Santé capillaire

Médicaments GLP-1 et chute de cheveux : effet secondaire réel ou conséquence de la perte de poids ?

Une vaste étude du BMJ associe les agonistes du GLP-1 (sémaglutide, tirzépatide) à un risque accru d'alopécie, probablement lié à un effluvium télogène induit par la perte de poids rapide.

16 juin 2026· 7 min de lecture
Doctor Florian A. Vallecillo Cabrera

Doctor Florian A. Vallecillo Cabrera

Auteur

Médicaments GLP-1 et chute de cheveux : effet secondaire réel ou conséquence de la perte de poids ?

Une grande étude de cohorte du BMJ montre une augmentation du risque d'alopécie chez les patients traités par agonistes du GLP-1 (sémaglutide, tirzépatide) par rapport à d'autres antidiabétiques (+37 % vs SGLT-2, +68 % vs DPP-4). Le risque absolu reste faible et le mécanisme le plus probable est l'effluvium télogène lié à la perte de poids rapide. La chute est généralement réversible ; l'arrêt du traitement est rarement nécessaire.

Résumé

Depuis plusieurs années, certains patients traités par agonistes du récepteur du GLP-1 – notamment le sémaglutide (Ozempic®, Wegovy®) ou le tirzépatide (Mounjaro®, Zepbound®) – rapportent une chute de cheveux parfois importante après le début du traitement.

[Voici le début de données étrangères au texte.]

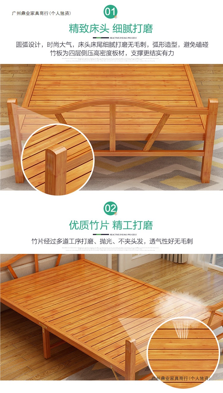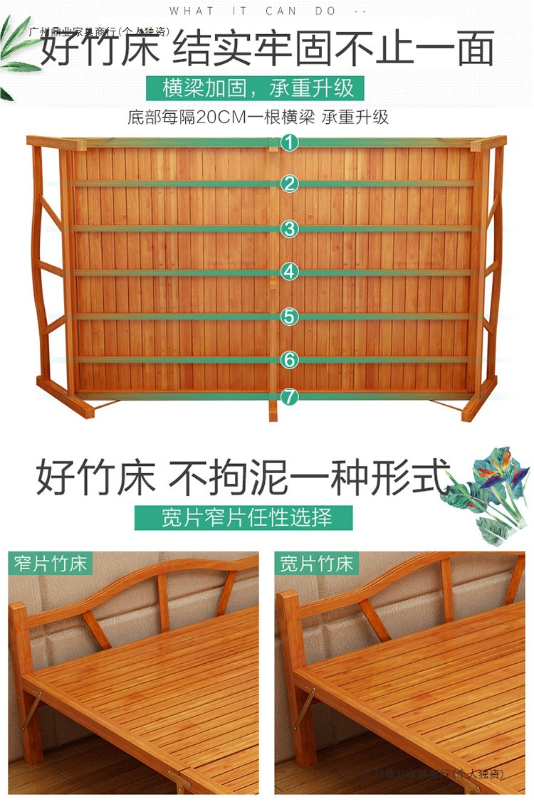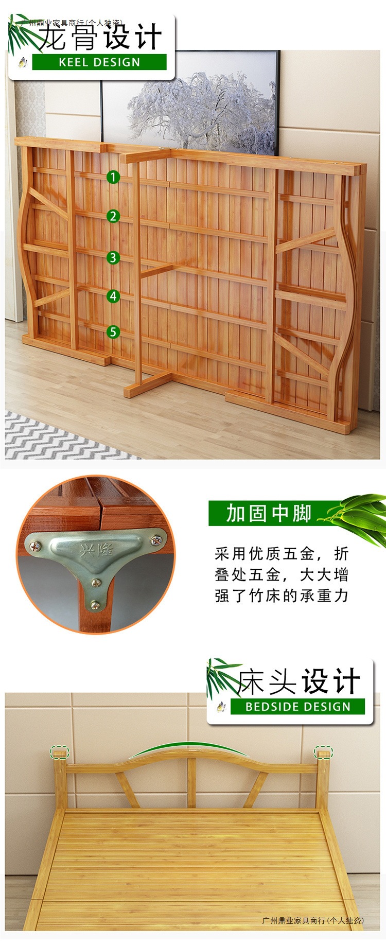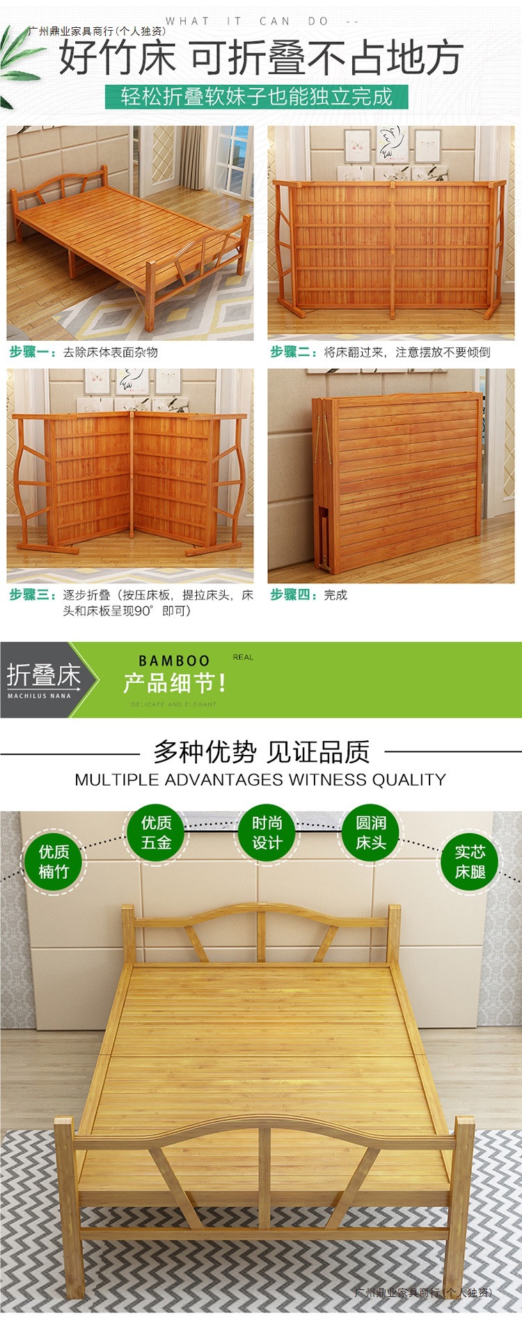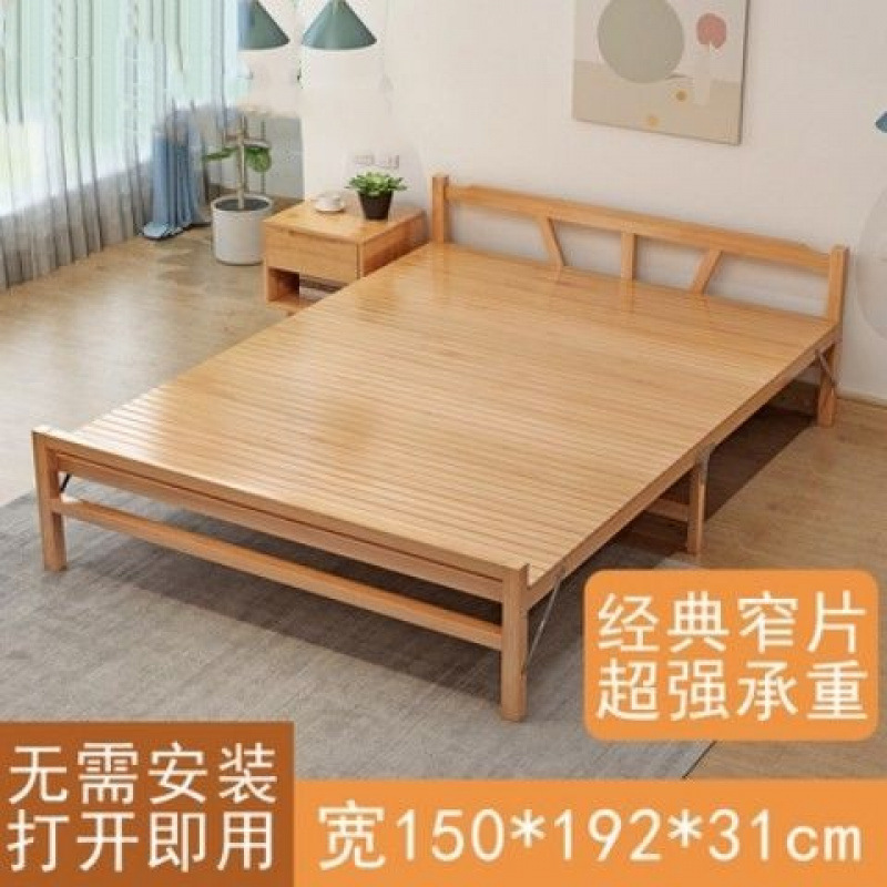 대나무 침대 접이식 침대 싱글 더블 간단한 가정용 성인 대나무 시트 냉각 침대 1.2m 임대 하드 보드 나무 침대스토어 가기
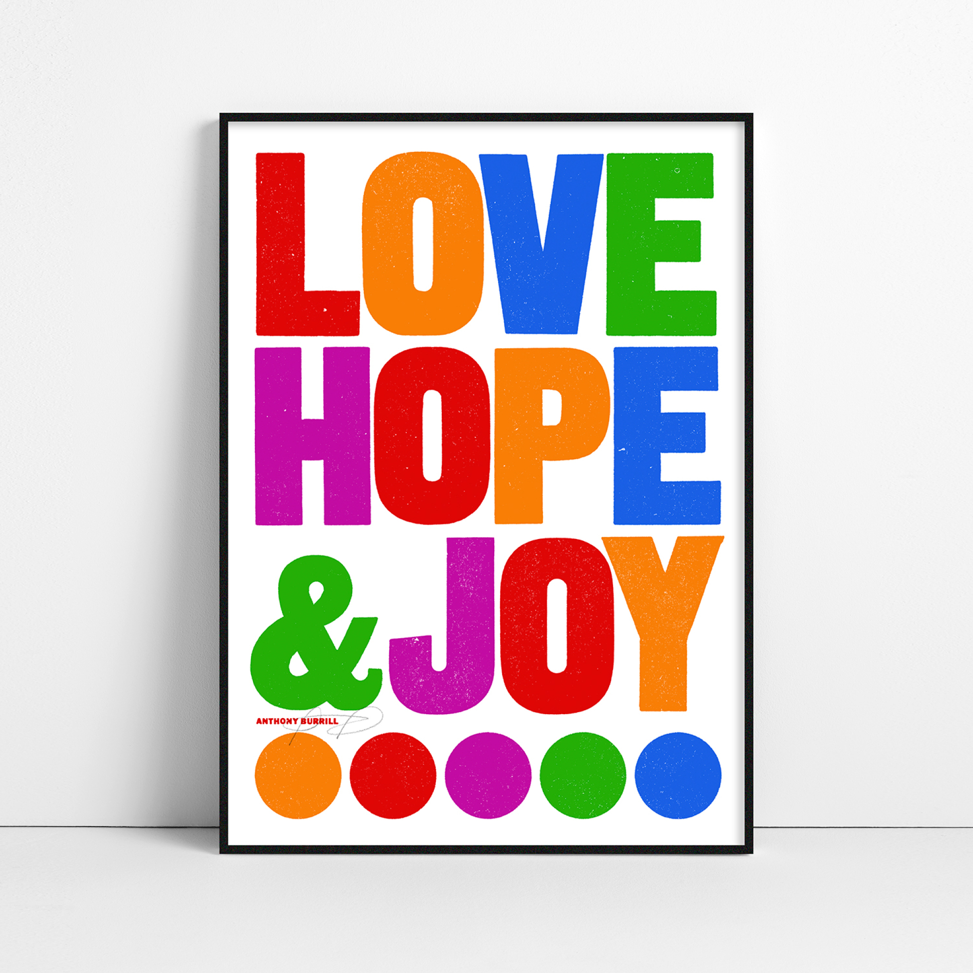 Anthony Burrill’s Love, Hope & Joy is available as a limited-edition print with proceeds going to NHS Charities Together

Longtemps considérée comme anecdotique, cette observation est aujourd'hui renforcée par une vaste étude publiée dans The BMJ, montrant une augmentation statistiquement significative du risque d'alopécie par rapport à d'autres traitements du diabète.

Faut-il pour autant conclure que les médicaments GLP-1 provoquent directement une chute de cheveux ?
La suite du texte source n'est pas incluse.